Scaling Rails 3.old

Posted by Michael Groble on Monday, March 13, 2017

We’re not particularly proud that we are still using Rails 3.2, but we are extremely proud of scaling our traffic over the last few years. Our new services are built in Rails 5, but we still have a hefty chunk of functionality in our original Rails 3.x monolith. A rueful “rails 3.old” hits our slack channels as someone stumbles across an issue as they switch back to the monolith. Growing our business, features and team over the last few years has left little time to do a wholesale upgrade of the monolith platform. Here are some tactical things we’ve done to help it keep pace with our growth.

If you are coming from Rails 5, you can add lines like this to your migration and expect helpful things to result.

add_index :redeliveries, :parent_order_id, algorithm: :concurrently
t.references :order, index: true
t.references :admin, null: false, foreign_key: :user

These in fact are all examples from our monolith code base and none of them do what they intend to.

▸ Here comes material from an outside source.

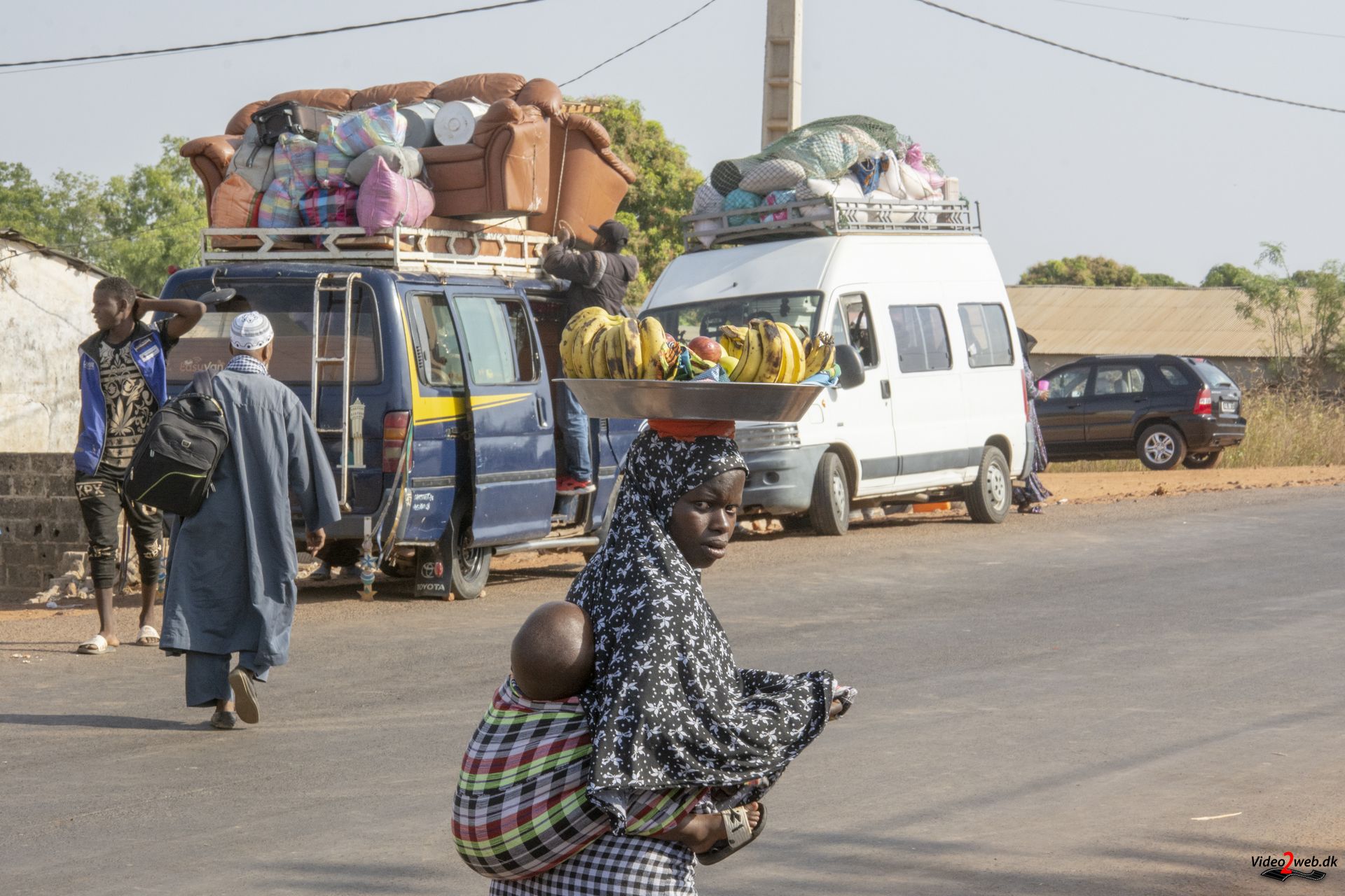 Kvinderne bærer kurve med bananer på hovedet og forsøger at tjene lidt til dagen og vejen ved at sælge til de mange forbipasserende i de overfyldte og overlæssede minibusser. Boderne på begge sider af vejen faldbyder sandwich af hvidt brød med æg, kød eller bønner. Sælgere kæmper for at slippe af med alt fra løg til farvestrålende håndklæder.

Rails 3 doesn’t support the algorithm, index and foreign_key options and silently ignores them. At our current scale, locking a table to add an index, or forgetting to add a foreign key constraint or index in the first place can cause outages so we’ve added some safety nets.

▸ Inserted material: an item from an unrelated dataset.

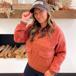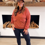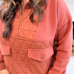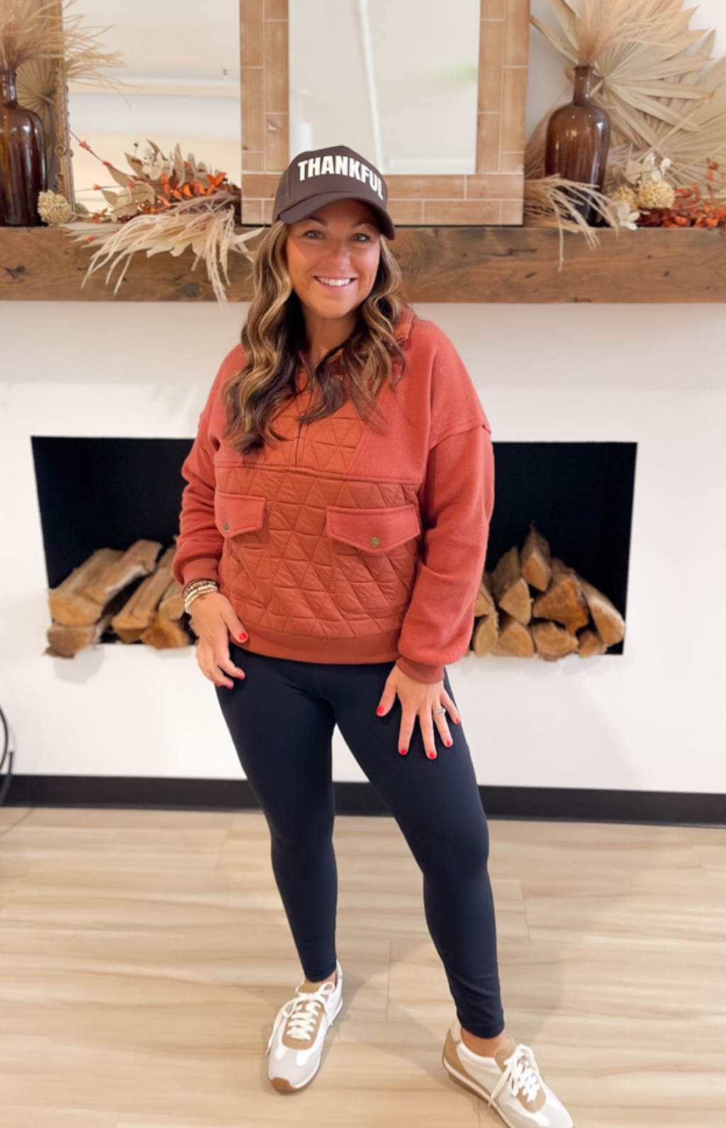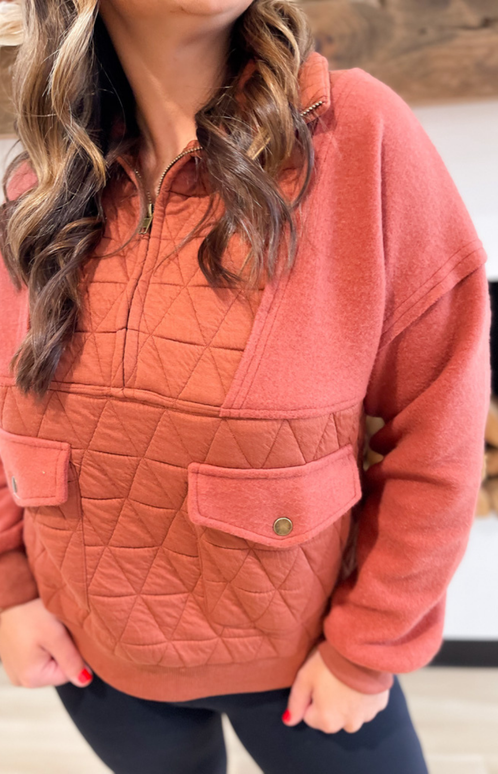 This rust-colored half zip pullover is the perfect mix of cozy and stylish. The quilted contrast detailing adds texture and interest, while the half zip neckline lets you adjust for comfort and layering. Its warm rust hue makes it a standout piece that still pairs easily with jeans, leggings, or joggers. Designed with a relaxed fit, it’s comfy enough for everyday wear but polished enough to feel put-together. A go-to pullover for those grab-and-go days when you still want to look effortlessly chic.

Gems like zero_downtime_migrations and strong_migrations look to help catch certain problems, but don’t ultimately do the job. They will accept an algorithm: :concurrently annotation, for example, even though the generated SQL command does not create the index concurrently.

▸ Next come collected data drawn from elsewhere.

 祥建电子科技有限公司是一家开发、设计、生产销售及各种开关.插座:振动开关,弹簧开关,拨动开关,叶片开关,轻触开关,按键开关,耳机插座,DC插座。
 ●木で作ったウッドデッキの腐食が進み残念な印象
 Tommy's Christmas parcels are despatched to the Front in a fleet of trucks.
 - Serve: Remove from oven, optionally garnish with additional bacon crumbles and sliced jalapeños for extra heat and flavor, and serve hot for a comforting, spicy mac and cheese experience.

We use both immigrant and lol_dba to keep on top of our migrations. Immigrant is robust enough to integrate into our Continuous Integration system and fail the build when foreign keys are missing. But lol_dba generates too many false positives so we check foreign keys like immigrant does and fail the build when our foreign keys aren’t indexed.

Database

Our database design has been performant for core use cases from the very beginning, but we’ve had to introduce three particular technologies to maintain performance as we’ve scaled.

We’ve introduced pgbouncer to reduce connections to our database as we’ve horizontally scaled our application servers. We use activerecord_autoreplica to distribute read queries to replicas. And finally we use monitoring, rack timeouts and aggressive statement timeouts to catch and kill long-running queries.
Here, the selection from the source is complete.